Highly pathogenic avian influenza viruses of the H5 and H7 subtypes have usually been non-pathogenic in ducks. However, this pattern changed in 2002 when the H5N1 virus that had emerged in 1997 killed most of the exotic waterfowl in Hong Kong [6, 23]. Multiple segments of the viral genome, including those that encode the surface glycoproteins hemagglutinin (HA) and neuraminidase (NA) [25-27], the polymerase complex, and the nonstructural NS1 protein [10, 21, 22], have been reported to contribute to H5N1 pathogenicity in various animal models. The H5N1 strain A/Vietnam/1203/04 (VN1203) was shown to be highly pathogenic in mice, ferrets, and mallard ducks [14, 21]. Our previous comparison of the virulence of the wild-type virus (wtVN1203) and a reverse genetics–derived virus (rgVN1203) in mallard ducks showed wtVN1203 to be more lethal .
Here, we explored the possible causes of this discrepancy in virulence. Although the coding regions of 10 of the 11 proteins of wtVN1203 and rgVN1203 encoded identical proteins, we found that 11 synonymous mutations (SMs) had been inadvertently introduced into the PB1, 2 into the NP, and 1 into the NA gene of rgVN1203. Although SMs do not necessarily alter the aa sequence of the resulting protein, they do influence gene expression by affecting the mRNA folding  and the rate of protein translation . Moreover, 3 of the 11 SMs, at nt positions 246, 261, and 354 of the PB1 open reading frame (ORF), resulted in aa substitutions in the N-terminal domain of PB1-F2, at positions 51, 56 and 87. PB1-F2, a recently described pro-apoptotic protein of influenza A viruses (IAVs), was discovered while searching for CD8+ epitopes in alternative reading frames of IAV genes and is encoded by an alternative (+1) ORF in the PB1 gene . The C-terminal domain of PB1-F2 contains the mitochondrial signal and can trigger apoptosis in specific immune cells [2, 29]. Knockout of PB1-F2 diminished the pathogenicity of the H1N1 subtype in mice . Recently, PB1-F2 has been shown to play an important role in promoting lung pathology in both primary viral infection and secondary bacterial infection in mice .
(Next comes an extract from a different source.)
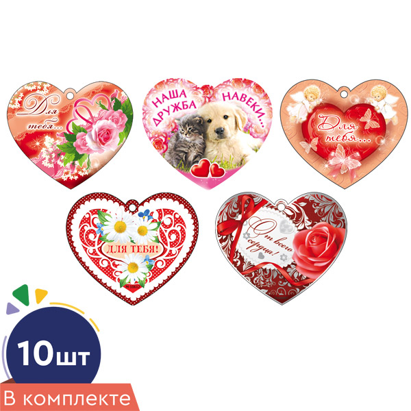 *ВА-18016 Комплект больших валентинок-сердечек. От всего сердца с нежностью (6 шт.: 3 вида по 2 шт.)

The facts that the PB1 subunit plays a central role in the catalytic activities of the viral RNA polymerase complex [1, 8, 9, 15, 24] and that the PB1-F2 protein contributes to viral pathogenicity [4, 5, 18, 28] led us to investigate the potential contributions of the 11 SMs in the PB1 gene, including those that encode 3 aa changes in the PB1-F2 protein, to the pathogenicity of the rgVN1203 virus in mallard ducks. Correction of the aa changes in the PB1-F2 protein and repair of the 11 SMs in the PB1 gene caused similar virus behavior, suggesting that PB1-F2 is a novel factor in VN1203 pathogenicity in this species.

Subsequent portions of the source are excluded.